I'm assuming the reference supplied by David is the Poole and Seeley paper that you were referring to (BTW, thanks David). If not, please provide the reference.

So, using the same kind of logic, and doing the same type of extrapolation, would you conclude from Poole and Seeley's Table 2 that nitrogen is antagonizing all of the other plant macronutrients in Cattleya and Phalaenopsis? Is the conclusion that we should stop providing N because it is causing deficiencies in the other macronutrients? IMO, clearly not. Nor is the data indicating that if you provide more of the other macronutrients, the plants will not respond to the nutrient increase.

Note also in Table 2 the leaf concentrations of K relative to N and P. K is consistently the higher of the three nutrients in the leaves (percentages in the order K > N > P).

What makes the most sense, IMO, is to provide nutrients in roughly balanced proportions to plant requirements. If you provide adequate supplies of N, P, K, Ca, Mg, and S, the plant will sort out what it needs. Add in the micronutrients if you are using a mineral-deficient water source. Also, adjust pH so that plants can utilize the nutrients you are providing.

 

[Rick]

So was this an extrapolation based on a mathematical model (usually some exponential relationship) or a simple straight line? Straight line would be most certainly wrong, and even a model well fitted to relatively high K experimental data would have a very large confidence interval at a point so far removed from the sample space.

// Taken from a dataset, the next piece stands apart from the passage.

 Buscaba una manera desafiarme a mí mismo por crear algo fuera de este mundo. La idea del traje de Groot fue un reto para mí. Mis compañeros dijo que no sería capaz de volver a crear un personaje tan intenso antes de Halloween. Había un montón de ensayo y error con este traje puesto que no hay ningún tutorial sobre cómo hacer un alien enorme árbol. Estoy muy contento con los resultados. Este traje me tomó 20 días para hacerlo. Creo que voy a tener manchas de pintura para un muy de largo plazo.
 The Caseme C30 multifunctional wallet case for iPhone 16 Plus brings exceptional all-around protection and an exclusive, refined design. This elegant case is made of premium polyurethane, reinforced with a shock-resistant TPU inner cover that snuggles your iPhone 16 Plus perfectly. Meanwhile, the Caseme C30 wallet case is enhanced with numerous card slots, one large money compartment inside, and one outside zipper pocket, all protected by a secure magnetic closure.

No not completely based on math (and correct its not linear), but also considering insitu data. I have not found any literature indicating that solutes in the orchid environment are greater than ~10ppm. Generally less than 5 ppm.

Has anyone else located data indicating that orchids get applications of NPK at K concentrations >50ppm or even 25ppm?

 

[Rick]

I
Note also in Table 2 the leaf concentrations of K relative to N and P. K is consistently the higher of the three nutrients in the leaves (percentages in the order K > N > P).

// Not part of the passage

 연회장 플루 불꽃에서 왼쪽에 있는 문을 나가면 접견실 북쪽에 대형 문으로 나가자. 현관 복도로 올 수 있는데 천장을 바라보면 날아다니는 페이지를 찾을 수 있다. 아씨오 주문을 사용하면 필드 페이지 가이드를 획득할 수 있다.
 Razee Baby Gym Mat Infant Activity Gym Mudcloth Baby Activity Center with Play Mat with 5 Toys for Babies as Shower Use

Also note Table 3 when N was held constant and only K manipulated.

 

[gonewild]

Has anyone else located data indicating that orchids get applications of NPK at K concentrations >50ppm or even 25ppm?

I have some personally collected data I'll post later today or tonight that will help answer that question.

 

[Ray]

Catt Mandu - I agree 100% that there are losses (you should see my greenhouse floor every spring!). My point with the math was to show the very low amounts that we are applying.

We have done a lot of discussion of fertilizer concentrations and ratios, but very little in terms of mass actually absorbed by the plant. I was merely trying to bring that into the discussion, even with a great many "outrageous" assumptions.

 

[Rick]

What makes the most sense, IMO, is to provide nutrients in roughly balanced proportions to plant requirements. If you provide adequate supplies of N, P, K, Ca, Mg, and S, the plant will sort out what it needs. Add in the micronutrients if you are using a mineral-deficient water source. Also, adjust pH so that plants can utilize the nutrients you are providing.

That certainly is the mainstream hobby practice that I followed for years and got mainstream hobby results (which for me were merely adequate and limiting).

Dario is certainly free to stay within mainstream practices and should expect at least that level of satisfaction.